= Jim Otvos =

James D. Otvos is an academic/researcher/entrepreneur in nuclear magnetic resonance spectroscopy who has pioneered and published, since the later 1970s, extensive research on the roles of the various lipoproteins in cardiovascular disease and led the company, LipoScience, which developed the Vantera Analyzer.

From 1950 (when the first research was published identifying lipoproteins as the primary driver of the atherosclerosis process) through the 1990s, the basic science work which led to sub-fractionation of lipoprotein particles: chylomicrons (AKA ULDL), VLDL, IDL, LDL & HDL had long remained too expensive for routine use in clinical medicine.

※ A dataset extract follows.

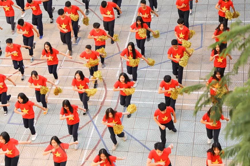Trên nền nhạc sôi động, hàng trăm học sinh trường THPT Trần Nhân Tông (Hà Nội) đã hòa mình vào điệu nhảy và xếp hình bản đồ Việt Nam để gửi tặng các thầy cô giáo nhân Ngày Nhà giáo Việt Nam 20/11.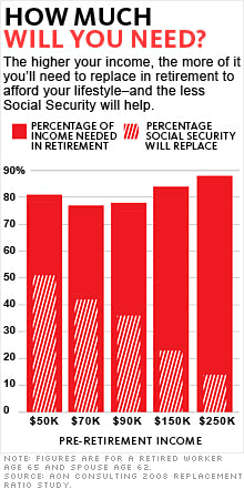 4. One thing however is that your income from Social Security is not based upon a flat, $20-25 thousand per year. If you calculate out the percentages the income levels vary based upon how much you earned pre-retirment. See here “Under current law, if you have average earnings, your Social Security retirement benefits will replace about 40 percent of your pre-retirement earnings. The percentage is lower for people in the upper income brackets and higher for people with low incomes.”, from: http://www.socialsecurity.gov/planners/morecalculators.htm

This issue was (and is) complicated by the multiple sub-distinctions within these groupings.

While this work was a giant breakthrough in understanding how fat molecules (needed and manipulated by all cells in the body) are carried within the water-based blood and intracellular transport systems, work which led to a Nobel Prize in Medicine in 1985 for identification of the LDL receptor protein via which cells ingest (termed endocytosis) LDL particles, cost (about US$5,000 per blood sample in the 1970s for the ultracentrifugation and gradient-gel electrophoresis methods which had been developed and utilized in earlier research) remained a major barrier to clinical use of this valuable information.

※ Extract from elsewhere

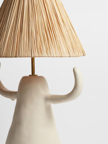 La lámpara  escultórica Dona es una pieza única de cerámica hecha a mano, inspirada en la figura de una mujer con los brazos levantados, de ahí su nombre. Esta obra, diseñada y creada por la reconocida ceramista Marta Bonilla, encapsula la pureza, simplicidad e inocencia que caracterizan a las formas más bellas de la cerámica.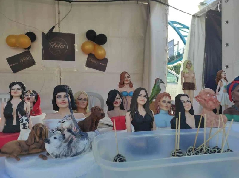 Yarışmaların yanı sıra stantlarda sergilenen ürünler de vatandaşların ilgi odağı oldu. Şeker hamurundan heykel yapan Fatma Balçık, “Ben aslında özgür çalışmayı çok seviyorum. Güzel olan her şeyi yapmayı çok seviyorum ama şöyle bir şey var bazen sıra dışı çalışmaları yapmak ayrı bir keyif veriyor bana, ruhumda olan bir şey sanırım pasta ve figürü bir araya getirmek. Tamamen hepsi yenilebilir, kullandığım makyaj ürünleri bile gıda boyasıdır. Rahatlıkla herkesin hem yiyebileceği hem de saklayabileceği bir ürün ve yıllarca kırılmadan kalabilir. Bazı figürlerimi üç günde de bitirebiliyorum üç saatte de, figürün zorluk derecesine bağlı ama kişiye özel çalıştığımda genelde üç gün sürüyor. Hayvan figürleri de yapıyorum aslında farklı hayvanları da seviyorum ama insan portesini yapmaktan keyif alıyorum çünkü insan çalışmayı seviyorum. Yaptığı çalışmalardan çok güzel tepkiler aldık. Bu festivalde çok çok ilgilendiler sağ olsunlar çünkü farklı geliyor herkese. Şeker hamurunu bu kadar heykel gibi gördüklerinde şaşırıyorlar. ’Bu yenilebilir mi?’ diye soruyorlar ve bende keyifle anlatıyorum onlara her şeyi." dedi.

In the early 1990s, given increasing evidence and understanding of the role which the many different lipoproteins (not cholesterol per-se) played in the usual progression of atherosclerotic disease, Otvos began novel research work in using NMR spectroscopy to quantify the lipoproteins in first primate and then human plasma. This in turn led to giant decreases in cost while improving accuracy.

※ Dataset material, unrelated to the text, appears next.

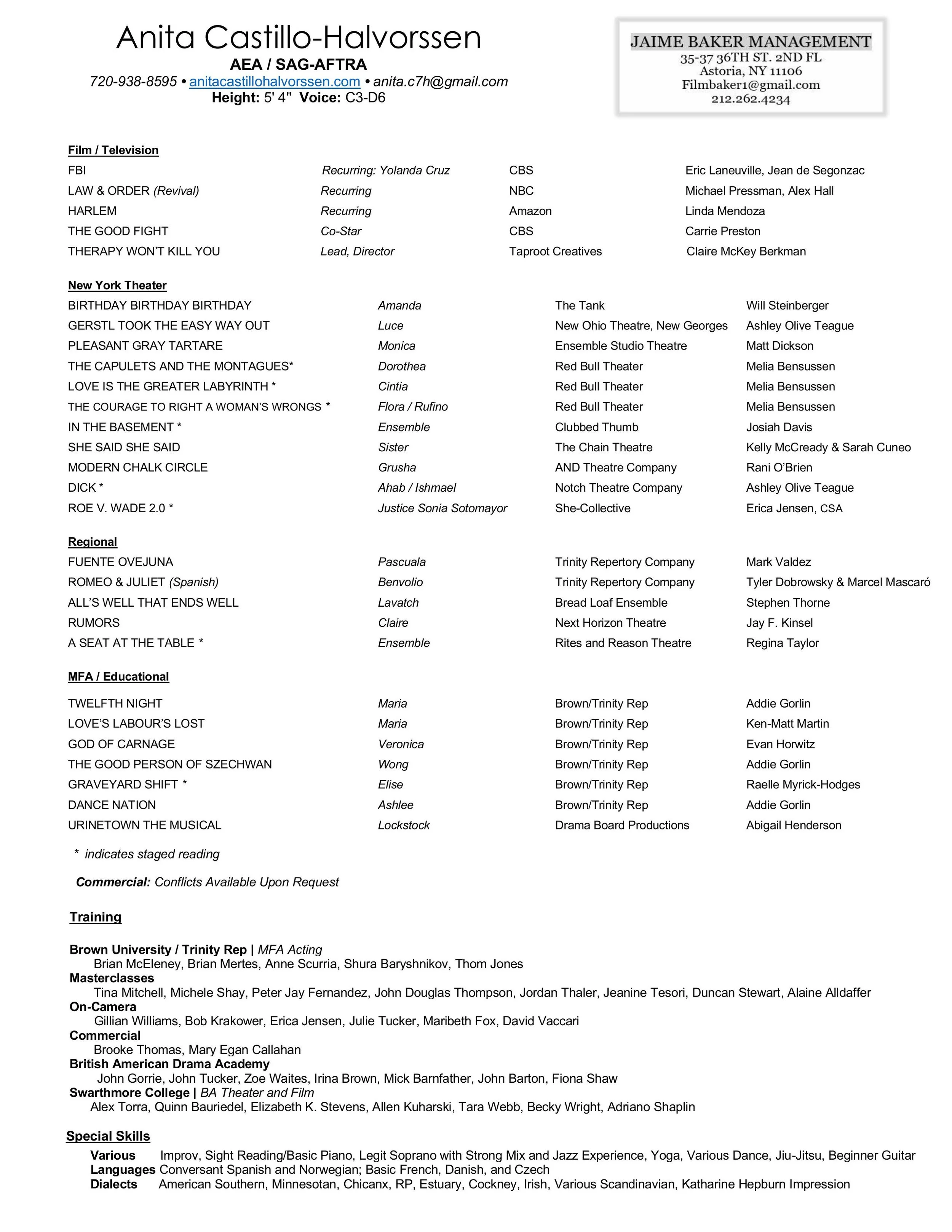 Other theatrical credits – producer, director, media designer, playwright, composer, dramaturg – available upon request.

His work has led to several rewards for both accuracy and, even more importantly, for great reductions in the cost to patients of having quantitative lipoprotein fractionation; it is no longer just an expensive research tool but has become low enough in cost for most physicians and patients to use the methodology to greatly improve treatment strategies and greatly reducing cardiovascular event rates without resorting to only arterial bypass surgery or angioplasty/stents to treat the symptoms of advanced disease, often after the individual has become permanently disabled.